While President Abd-Rabbu Mansour Hadi is seen as ineffectual and lacking support even in his embattled hometown of Aden, the last city nominally under his control, Bahah commands admiration across much of Yemen's political spectrum.
"Khaled Bahah is beloved of everyone. He's a strong man - the opposite of Hadi, whose weakness led the Houthis to take control of most of the country," said Mohammed Hazam, a civil servant in Sanaa.
For Riyadh, which has invested its role as a regional leader in a bombing campaign ultimately aimed at restoring the government Hadi represents, it is growing ever more important to bolster his credibility as Yemen's lawful president.
Saudi airstrikes are intended to weaken the militia and force it to return to talks with Hadi's government, which the Houthis do not recognise. There are also efforts to persuade tribes and military units working with the Houthis to change sides.
But nearly three weeks after he fled to Saudi Arabia, Hadi's nominal legitimacy inside his country appears to be increasingly in question, and the president himself has not spoken in public since the Arab League summit in Egypt on March 28.
Even inside Aden, where Saudi airstrikes and weapons drops are aimed at helping the Popular Committees militias fight off the Houthis and their allies in street battles, those manning the barricades do not see themselves as Hadi loyalists.
"In Aden there is no state and no army, and no authority and no president. There is no government. That is the view of the fighters. They are defending their streets and their country," said Wassim al-Sayad, 40, an Aden resident who has taken up arms against the Houthis.
The stakes are high for Saudi Arabia, which faces the prospect of greater influence from arch-rival Iran in its southern neighbour if the Houthis are not neutralised.

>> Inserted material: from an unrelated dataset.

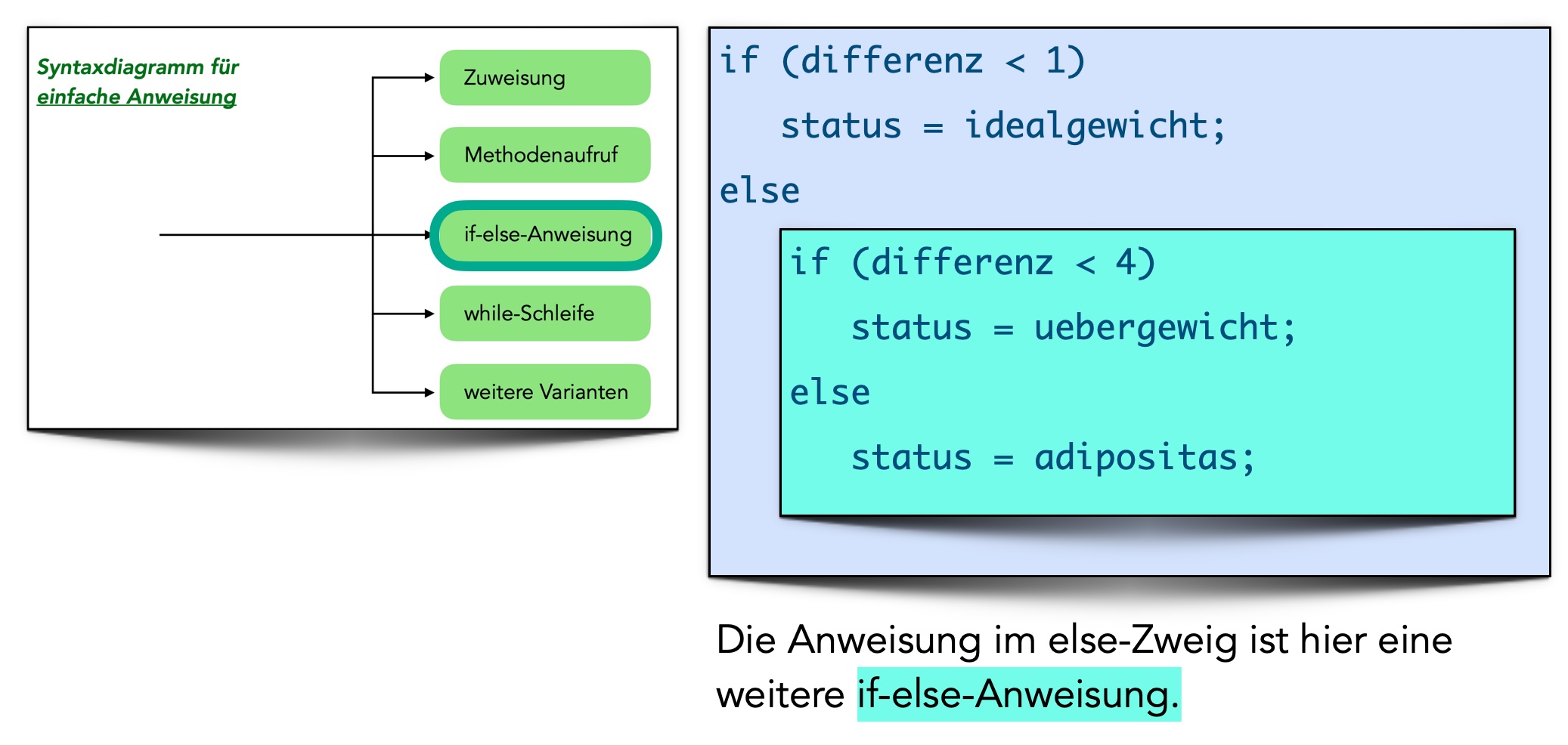 Denken Sie daran, dass auch die alternative Anweisung im else-Zweig eine einfache Anweisung oder ein Anweisungsblock sein kann.

Silent footage of Bahah's swearing-in, filmed by a Saudi government cameraman for distribution to media, showed Hadi accepting his vice president's oath in Yemen's Riyadh embassy, and appeared partly to be aimed at winning over Yemeni opinion.
Hadi's Foreign Minister Reyad Yassin Abdulla told Reuters Bahah's appointment would help bolster the government in exile, but he rejected the idea that it was hard to maintain legitimacy while outside the country.
"This is a very temporary situation and it is not our choice. We will do our best to go back as soon as possible to any part of Yemen, hopefully Aden, hopefully in the coming few weeks," he said.
Abdulla compared the situation of Hadi's government to that of Kuwait in 1990-91 during Iraq's occupation to show that legitimacy could be sustained even during a months-long absence.
The foreign minister, who was appointed after Hadi left Aden, said Bahah's appointment meant the government as a whole was more sustainable. "Legitimacy is a continuous thing. It is not about one person, it is about the whole government, the whole state," he said.
Under Yemen's existing constitution, in the absence of a vice president the presidency would pass to the speaker of parliament, who is now in Houthi-controlled Sanaa, if anything happened to Hadi.
"His appointment has opened the door to a political solution to the current crisis in Yemen. He is an independent person," said Ali Mohammed Yahya, a political writer in Aden's Khor Maksar district, a scene of heavy fighting over the past week.
Hadi's internationally recognised government was unpopular even before the Houthis seized control of Sanaa last year, and since his official two-year tenure ended in 2014, his legal status as president was already legally ambiguous.
He was elected, unopposed, in 2012 as an interim president to oversee a two-year shift from former president Ali Abdullah Saleh towards democracy after a 2011 uprising, but while the transition process faltered, he stayed on in power.
Saudi Arabia and its Western supporters want to resurrect that 2012 transition plan, which it and Gulf Arab allies brokered, and which was interrupted by the Houthi advance on Sanaa last year aided by Saleh and his loyalists.
But Hadi's personal lack of popularity, let alone a regional, tribal or military support base, has complicated that ambition.
An army officer in the former South Yemen, he backed the wrong side in internal fighting in 1986 and fled north to Sanaa, before leading northern forces against southern separatists in the 1994 civil war, securing a position as Saleh's deputy.
By contrast, Bahah carries very little embarrassing historical baggage, having backed the popular uprising that unseated Saleh and served as Yemen's ambassador to the United Nations. He was named prime minister by Hadi in November but quit when the Houthis besieged government offices in January.
"There is a way out with appointing Bahah, who is really respected, even by the Houthis. He has since the beginning tried to stay away from aggressive discourse," said Laurent Bonnefoy, the author of Salafism in Yemen.